Si tratta di una risposta (troppo) facile, perché ignora le numerose contraddizioni che, secondo un consenso ampiamente condiviso tra tutela dei siti e ambienti immobiliari, ostacolano i grandi progetti di “rinnovamento” urbano. Radersi come faceva Haussmann a Parigi suscita grande riluttanza tra le popolazioni interessate. In una democrazia tali opposizioni difficilmente possono essere trascurate, un fatto ovvio che ha reso Le Corbusier un grande ammiratore delle dittature di tutti i colori. Ceausescu, che perseguì una spietata politica di rinnovamento urbano in Romania, incontrò la fine che conosciamo. Se la Svizzera resta una democrazia, la politica di densificazione conoscerà senza dubbio i suoi limiti.

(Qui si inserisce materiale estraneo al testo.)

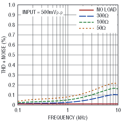 Figure 18. LTC6262 bridge driver THD and noise with different loads vs frequency.
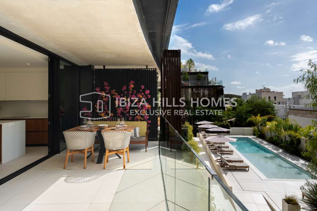 Appartement moderne de 3 chambres à Talamanca, Ibiza. Premier étage avec grande terrasse, finitions haut de gamme, chauffage au sol, climatisation, parking, débarras et accès à...
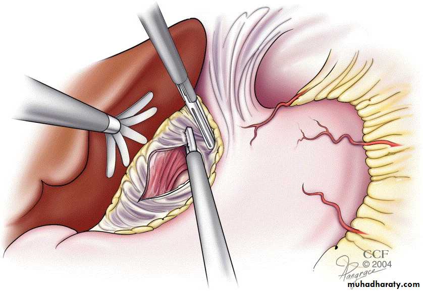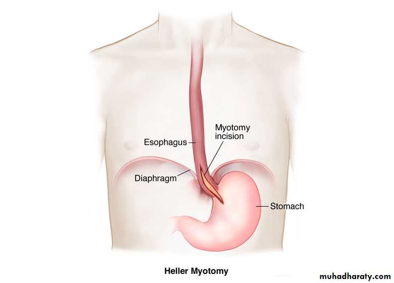 D. Myotomy ('Heller's operation'), performed either as an open operation or (increasingly) laparoscopically, is an extremely effective although more invasive option. Both pneumatic dilatation and myotomy may be complicated by gastro-oesophageal reflux, and this can lead to severe oesophagitis because oesophageal clearance is so poor in these patients. For this reason Heller's myotomy is accompanied by a partial fundoplication anti-reflux procedure. Proton pump inhibitor therapy is also often necessary.Recently an endoscopic method for myotomy was introduced particullarty for certain types of achalasia and called (peroral endoscopic myotomy).
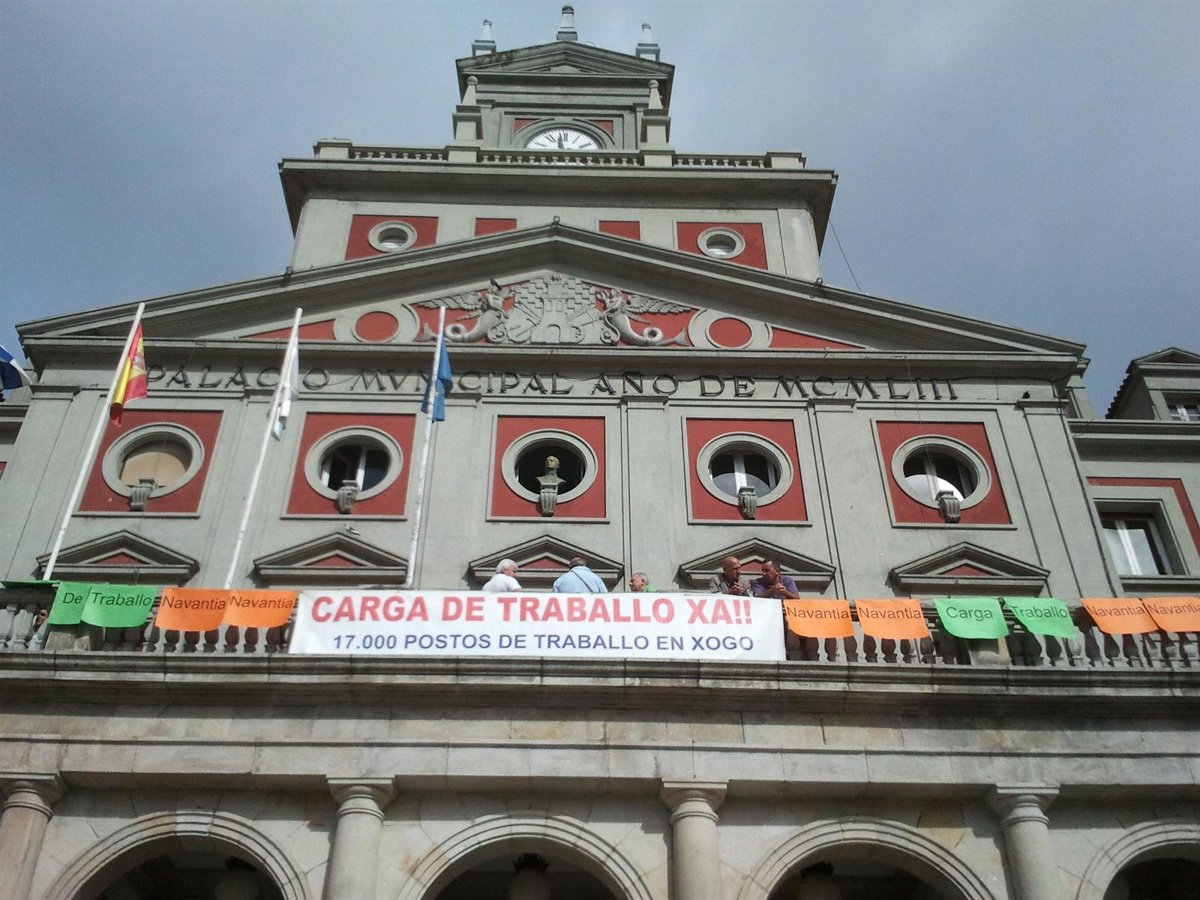 Los delegados sindicales de Navantia Ferrol y Fene mantienen por sexto día consecutivo su encierro en el Ayuntamiento ferrolano para reclamar la construcción del dique flotante y la obtención de carga de trabajo, pero han anunciado que intensificarán las movilizaciones con acciones de protesta en las que participará el conjunto de los trabajadores, mientras ven interés en "desinflar" sus movilizaciones.

Cosa fare allora? Un modo per uscire da questa situazione sarebbe ovviamente quello di tornare alla strategia perseguita fin dall’adozione della legge sulla pianificazione territoriale (LAT), vale a dire la netta separazione tra le aree da sviluppare e gli spazi che dovrebbero rimanere verdi. Il moltiplicarsi dei conflitti intorno alla densificazione è stato il risultato soprattutto del successo della LAT che ha reso difficile, se non impossibile, costruire al di fuori delle zone edificabili esistenti. Se questo scudo venisse tolto, come si fanno sentire alcune voci nel mondo immobiliare, le conseguenze sul numero di unità abitative costruite sarebbero senza dubbio significative, almeno a breve termine. A lungo termine, gli effetti si perderanno sicuramente quando la popolazione supererà i 15 milioni. Cosa faremo in questo momento più lontano? Radere al suolo le foreste, rigidamente protette dal 1877?
Dibattito eclissato
Nel frattempo, i nostri deputati stanno facendo di tutto per eclissare queste grandi domande. Il dibattito ruota intorno alle opposizioni che la maggioranza delle Camere federali vorrebbe rendere più costose, più difficili e più limitate nella loro portata. In tribunale, attualmente, hanno molto spesso successo, nonostante la loro denigrazione che li vede considerati “abusivi” da gran parte della stampa. Tuttavia, queste opposizioni permettono spesso di bloccare i peggiori slittamenti architettonici. La politica perseguita dalla maggioranza parlamentare ha quindi accelerato la bruttezza del nostro Paese, come recentemente deplorato da “Le Monde” e dalla rivista della “Neue Zürcher Zeitung”.
Come sarà la Svizzera da qui al 2050? Insomma più densamente popolata, meno verde e soprattutto più brutta.